Figure 5—figure supplement 3. 40S subunit depletion in the rps26∆∆ mutant increases the relative TEs of mRNAs with attributes similar to mRNAs showing TE increases conferred by the tma∆∆ mutations.

(A) Frequency distribution plots of CDS length for all mRNAs (black) and mRNAs exhibiting a significant increase (∆TE_rps26∆∆_up, solid dark blue) or decrease (∆TE_rps26∆∆_down, dotted light blue) in relative TE (at FDR < 0.05) in the rps26∆∆ mutant versus WT cells. (B, D and E) Cumulative distribution function (CDF) plots of 5’UTR length (B), mRNA abundance in molecules per picogram of dry cellular weight (pgDW) (D), and mRNA half-life (E), for the groups of mRNA examined in (A). p values in panels A-B and D-E were calculated using the Kolmogorov-Smirnov test. (C) Notched box plots of context scores calculated for positions −3 to −1 and +4 of the main CDS AUGs for all mRNAs (white) and for the groups of mRNA, ∆TE_rps26∆∆_up (dark blue) and ∆TE_rps26∆∆_down (light blue), examined in (A). p values were calculated using the Mann-Whitney U test.
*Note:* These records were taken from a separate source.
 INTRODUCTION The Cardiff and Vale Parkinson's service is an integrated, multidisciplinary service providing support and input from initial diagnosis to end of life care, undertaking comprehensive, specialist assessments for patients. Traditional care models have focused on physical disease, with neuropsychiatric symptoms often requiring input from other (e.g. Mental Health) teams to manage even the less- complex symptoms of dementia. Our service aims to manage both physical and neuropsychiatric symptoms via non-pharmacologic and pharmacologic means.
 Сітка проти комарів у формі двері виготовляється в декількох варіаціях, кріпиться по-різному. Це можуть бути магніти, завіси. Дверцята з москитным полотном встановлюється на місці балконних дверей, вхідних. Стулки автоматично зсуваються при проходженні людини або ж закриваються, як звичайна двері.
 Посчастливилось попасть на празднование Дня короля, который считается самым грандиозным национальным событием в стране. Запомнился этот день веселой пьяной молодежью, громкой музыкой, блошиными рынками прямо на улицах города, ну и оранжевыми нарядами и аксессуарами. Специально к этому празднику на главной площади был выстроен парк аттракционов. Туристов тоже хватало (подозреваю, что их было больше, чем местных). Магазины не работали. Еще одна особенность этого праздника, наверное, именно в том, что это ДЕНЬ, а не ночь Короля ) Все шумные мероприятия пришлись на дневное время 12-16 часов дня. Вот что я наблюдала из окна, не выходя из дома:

Figure 5—figure supplement 4. Effects of the rps26∆∆ mutations on the relative TEs of the "+Rps26" and "ΔRps26" groups of mRNAs.

Notched box plots showing the changes in relative TE observed in the rps26∆∆ mutant versus WT cells for all mRNAs and for the two groups of mRNAs found to bind preferentially to 40S subunits containing Rps26 ("+Rps26") or lacking Rps26 ("ΔRps26") by Ferretti et al., 2017. A few outliers were omitted from the plots to expand the y-axis scale. p values indicated in the panel were calculated using the Mann-Whitney U test.
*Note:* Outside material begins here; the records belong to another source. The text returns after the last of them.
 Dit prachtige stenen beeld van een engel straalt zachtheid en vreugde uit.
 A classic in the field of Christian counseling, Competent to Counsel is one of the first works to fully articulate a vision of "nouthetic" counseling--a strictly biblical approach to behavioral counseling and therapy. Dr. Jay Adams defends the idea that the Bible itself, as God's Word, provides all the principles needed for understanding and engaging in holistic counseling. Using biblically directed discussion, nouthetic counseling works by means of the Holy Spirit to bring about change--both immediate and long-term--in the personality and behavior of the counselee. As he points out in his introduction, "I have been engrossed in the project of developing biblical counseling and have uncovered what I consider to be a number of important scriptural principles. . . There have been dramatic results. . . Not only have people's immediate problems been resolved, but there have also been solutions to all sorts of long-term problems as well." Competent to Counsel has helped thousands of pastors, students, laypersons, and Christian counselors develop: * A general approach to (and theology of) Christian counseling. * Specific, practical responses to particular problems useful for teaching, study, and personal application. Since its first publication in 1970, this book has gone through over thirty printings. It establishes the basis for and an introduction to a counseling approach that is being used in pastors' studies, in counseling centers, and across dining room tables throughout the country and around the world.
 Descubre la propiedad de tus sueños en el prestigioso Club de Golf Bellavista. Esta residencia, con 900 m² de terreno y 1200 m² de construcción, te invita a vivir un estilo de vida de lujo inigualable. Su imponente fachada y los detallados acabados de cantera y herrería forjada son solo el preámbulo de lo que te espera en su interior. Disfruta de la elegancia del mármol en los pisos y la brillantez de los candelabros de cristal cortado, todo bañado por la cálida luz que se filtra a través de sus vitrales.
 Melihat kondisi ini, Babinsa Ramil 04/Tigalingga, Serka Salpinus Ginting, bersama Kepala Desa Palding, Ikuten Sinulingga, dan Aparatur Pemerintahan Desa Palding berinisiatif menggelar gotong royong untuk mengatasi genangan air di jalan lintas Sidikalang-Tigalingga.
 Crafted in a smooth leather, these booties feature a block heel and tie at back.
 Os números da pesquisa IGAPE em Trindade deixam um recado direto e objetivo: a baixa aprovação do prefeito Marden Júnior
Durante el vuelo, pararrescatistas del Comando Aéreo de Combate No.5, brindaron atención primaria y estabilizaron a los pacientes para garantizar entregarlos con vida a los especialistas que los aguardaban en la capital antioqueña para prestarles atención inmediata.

Figure 5—figure supplement 5. Effects of rps29b∆ and rps0b∆ mutations on relative TEs of different groups of mRNAs calculated from the ribosome footprint profiling and RNA-seq data of Cheng et al., 2019.
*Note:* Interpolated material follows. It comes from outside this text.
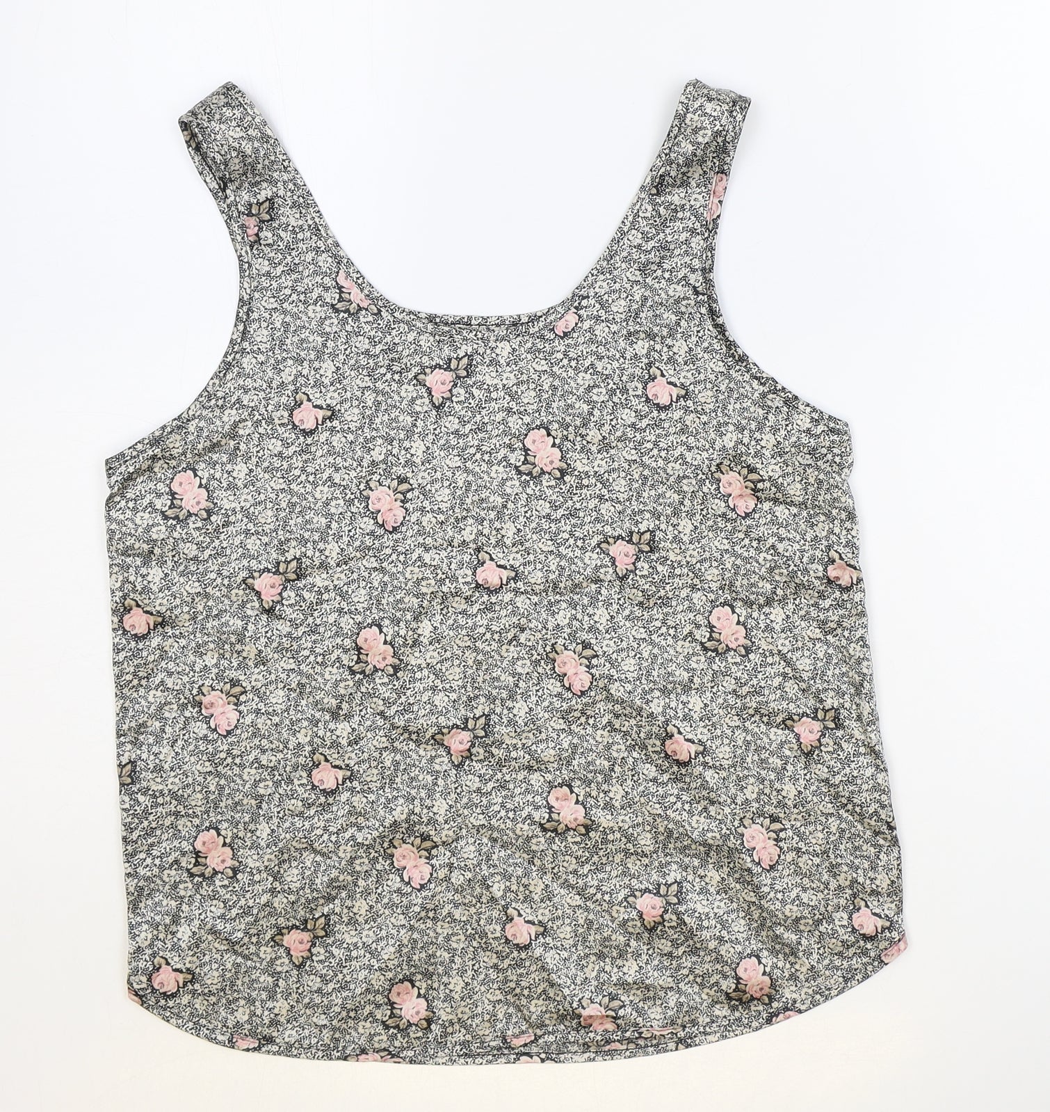 Womens Black Geometric Polyester Basic Tank Size 10 Round Neck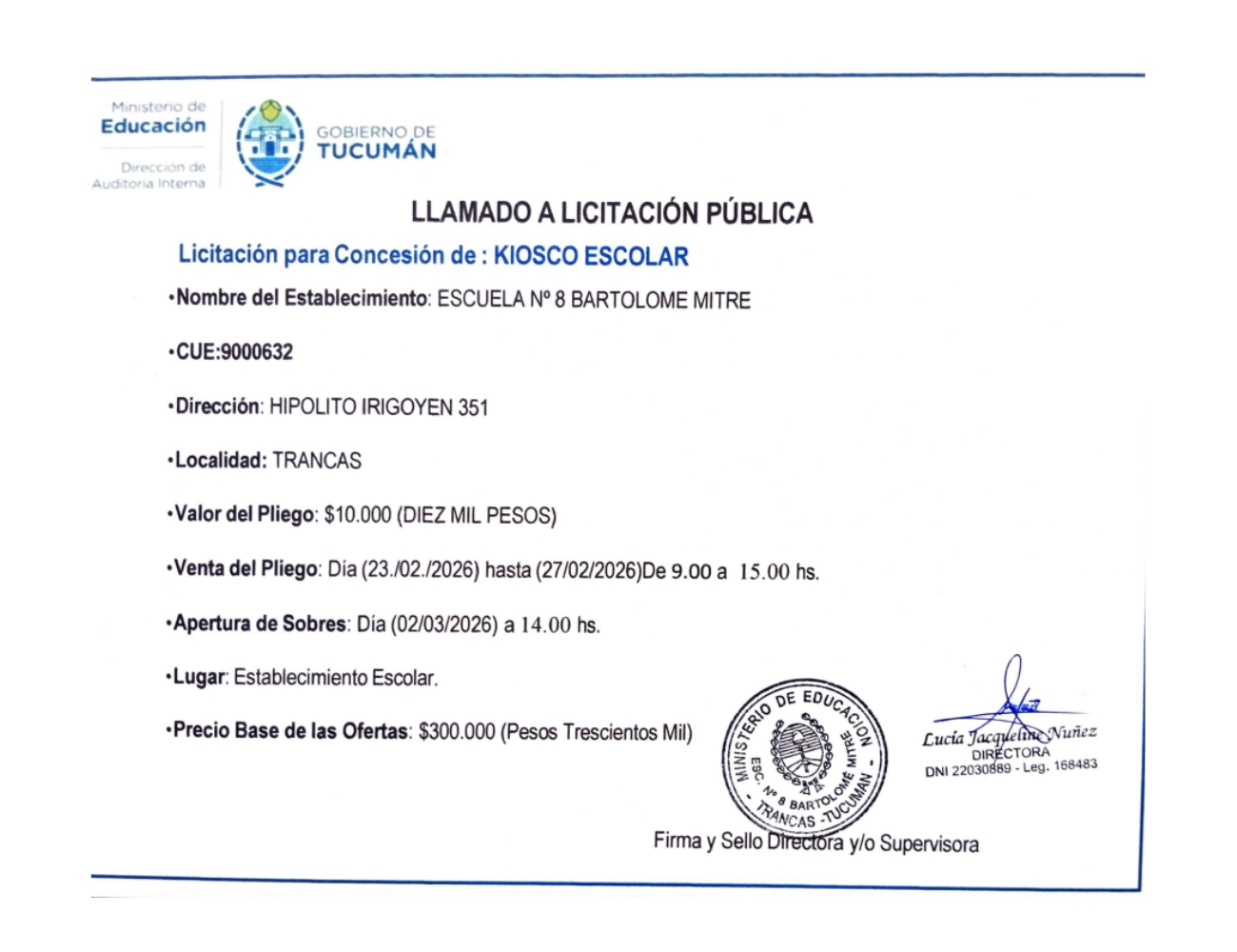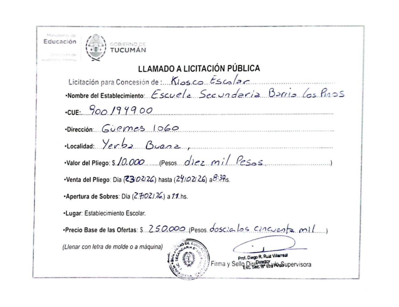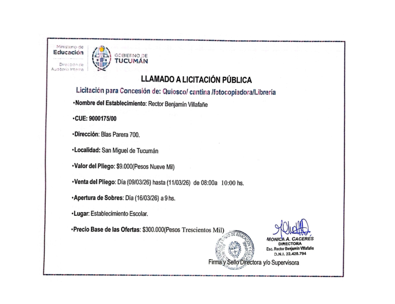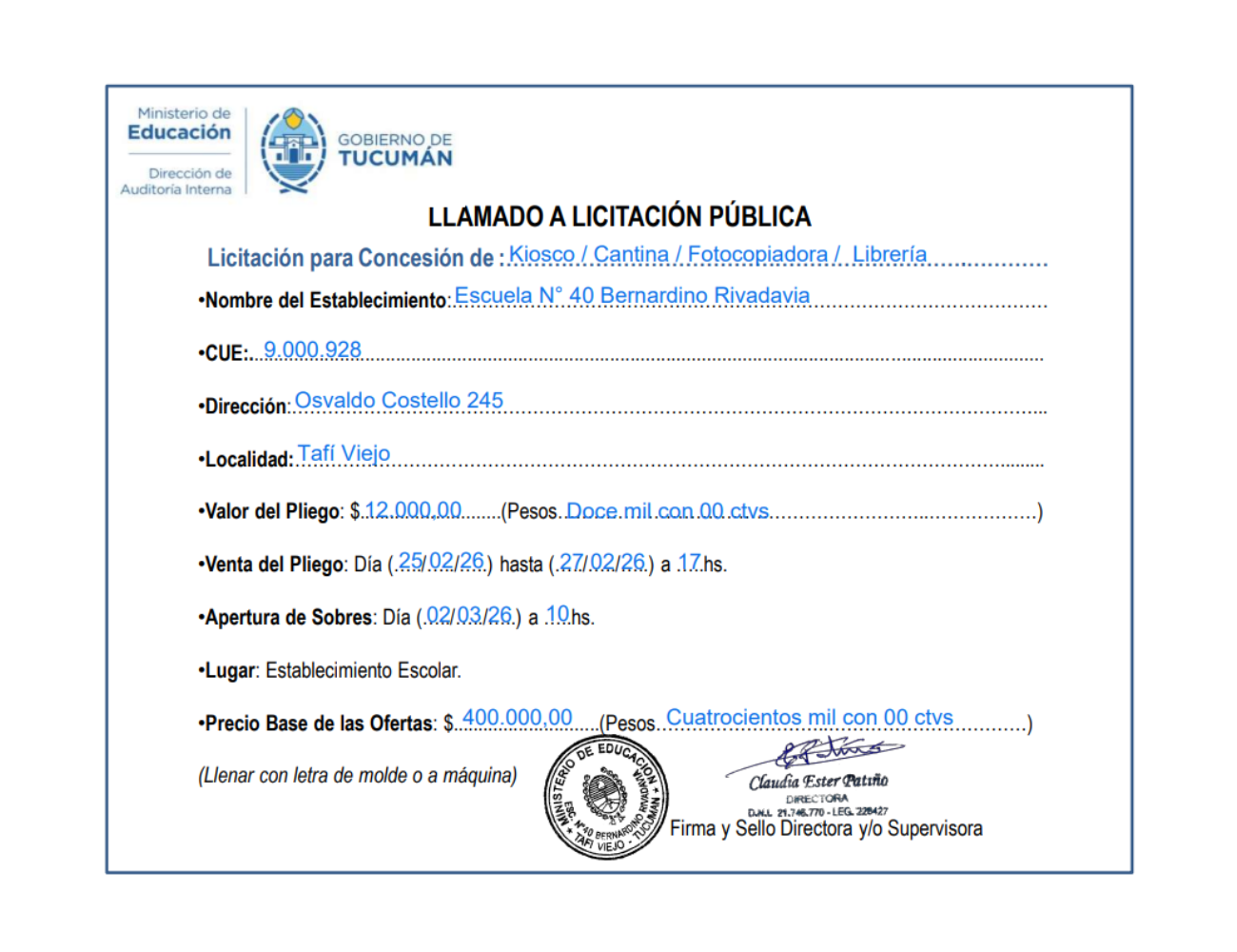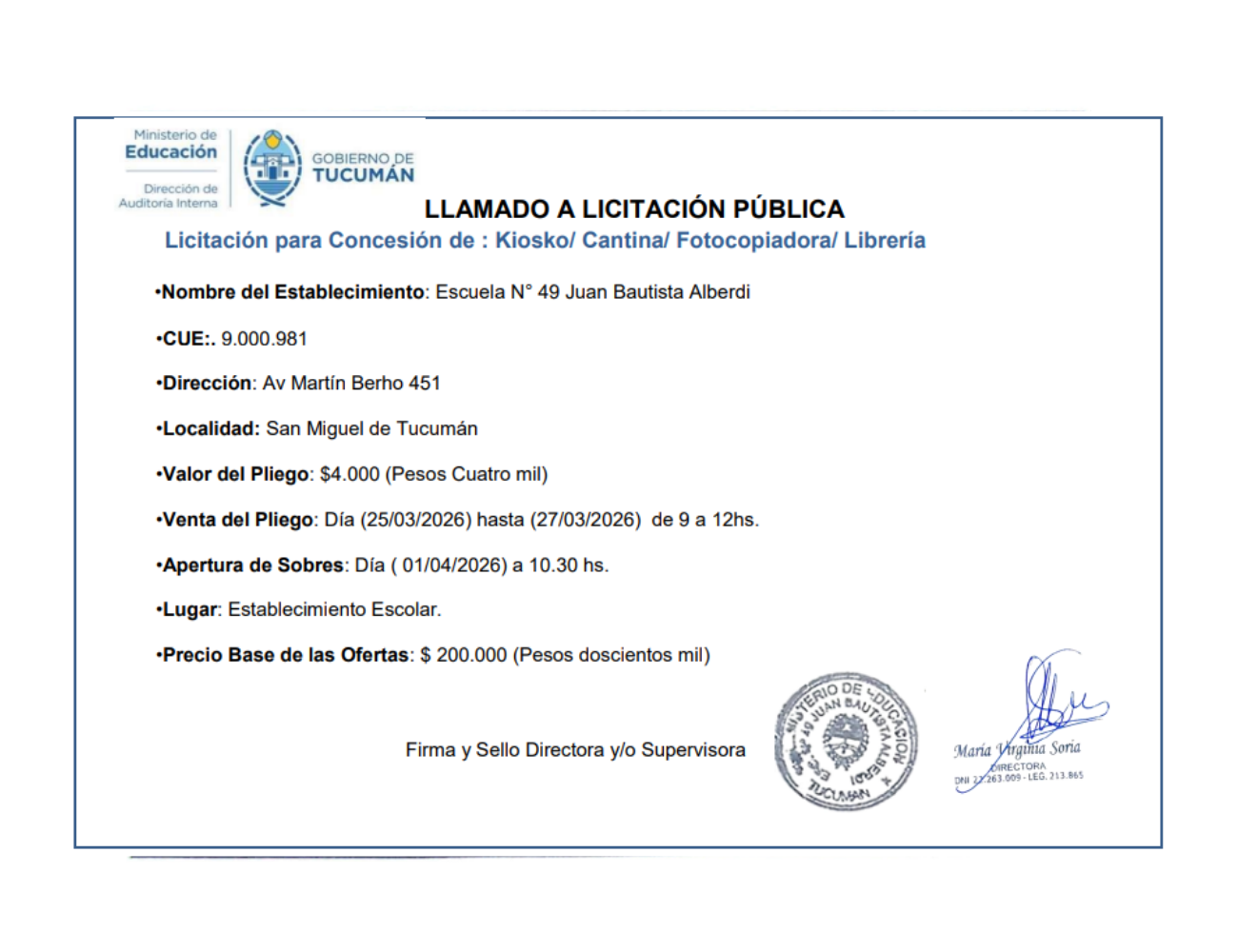 Concesiones Cantina / Quioscos Escolares

(A–B) Notched box plots of relative TEs determined for single replicates of rps29b∆, rps0b∆, and two different WT strains for (A) five pentiles of 907–908 genes sorted according to increasing CDS length, and (B) all mRNAs versus 133 RPG mRNAs interrogated in the rps0b∆ strain and two different WT strains, or the 132 RPG mRNAs interrogated in the rps29b∆ strain.